Bigger than cost and educational hurdles are clinical and technical drawbacks that even the technology's proponents acknowledge are true obstacles to adoption. On the clinical side, a multitude of factors could impact GLS values, according to Klein. Various studies have indicated that patient age, sex, race, ethnicity, and nationality rank among these factors, he says. Other variables may include hemodynamics; cardiovascular risk factors, such as hypertension, obesity and diabetes; pregnancy; and, in children, dyslipidemia. 

Further, sources told CVB, there’s too much variation in how the modules from different vendors perform, particularly with tracking the myocardium through the cardiac cycle. In some cases, poor image quality can make the tracking difficult, if not impossible. Artifacts also can make it a challenge to track speckle patterns, and foreshortened images may reveal inaccurate strain values.

Reinforcing the idea that not all technology is created equal are vendor-specific variations in how GLS values are calculated from segmental values. Cross-platform values aren’t necessarily interchangeable, Klein says. Consequently, physicians may struggle to draw conclusions if a patient isn’t always tested on the same equipment or with the same software. The European Association of Cardiovascular Imaging (EACVI)/ASE  Inter-vendor Comparison Study illustrated this point. When 62  volunteers had strain echo performed under optimized conditions using machines provided by seven different vendors, absolute GLS values varied from -18 percent to -21.5 percent with absolute differences among vendors of up to 3.7 percent strain units (J Am Soc Echocardiogr 2015;26:185-91). 

Overcoming the obstacles 

The Strain Standardization Task Force, an entity created by the EACVI and ASE in 2010 that now also has vendor members, is developing standards aimed at resolving the variation among strain modules. “The more uniformity we see, the greater the clinical appeal of strain echocardiography will be because we can be more certain that assessments from one module are consistent with assessments from another,” Thomas says. 

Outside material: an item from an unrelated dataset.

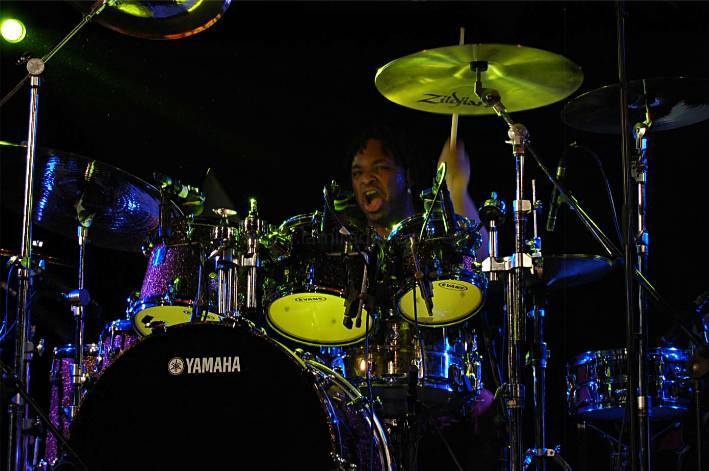 El tono jazz que le dieron a la versión de Hendrix “Up The Skies”, dedicada a Gary Moore, nos dio un nuevo giro, siendo una de las camaleónicas adaptaciones que nos ofrecieron los músicos a lo largo de la noche. Después pasamos a una fase progresiva donde la banda desarrolló una exhibición técnica no reñida con el feeling, que poseen en gran cantidad. “Song For Jeff” comenzó con una pequeña broma con el teclado, demostrando una gran distensión sobre las tablas. Guitarrista y teclista arrancaron en solitario antes de dar paso de forma enlazada a “Don´t Say Its Over”. Una parte instrumental de la actuación que se completó con una pequeña jam de los tres acompañantes de la figura principal de la velada y con la soberbia interpretación del extenso “Tumescent”, donde además de un verdadero despliegue de calidad asistimos a un momento de mucha complicidad por parte de los músicos, haciéndose guiños entre ellos que demostraban un royo muy bueno, lo que sin duda contribuye a que una banda funcione con este rendimiento. Casi al final del tema Eric Valentine realizó un solo de batería sublime, cargado de fuerza y técnica. Este hombre impresiona con su sola figura tras los tambores, sabiendo resultar visualmente espectacular, pero es que además demuestra una capacidad reservada solo a los mejores. La banda regresa para arroparle y terminar el elaborado tema que nos hizo pasar el ecuador de la descarga.

As for clinical variables, Klein expects these issues will be smoothed out as researchers dig into how to account for such unavoidable factors and professional groups like ASE and the American College of Cardiology (ACC) publish practice guidelines. In the meantime, he says, ASE is recommending patients have strain echocardiography prior to chemotherapy and, depending on the agent, at three- and six-month intervals during their treatment. The current chamber quantification guidelines don’t specifically recommend strain echo but rather identify it as an important adjunct to ejection fraction. 

“It will be a matter of time that ACC will incorporate strain into its guidelines,” predicts Klein, who is a member of the college’s imaging council. He also expects the Intersocietal Accreditation Commission—which currently deems strain echo an optional best practice—eventually will make the modality standard “as more sonographers are trained to utilize strain and more physicians are able to interpret it.”

Thomas also anticipates wider acceptance. He expects the modality will continue to attract more attention and adoption will follow. “There may be glitches along the way,” he says, “but strain echocardiography is here to stay.”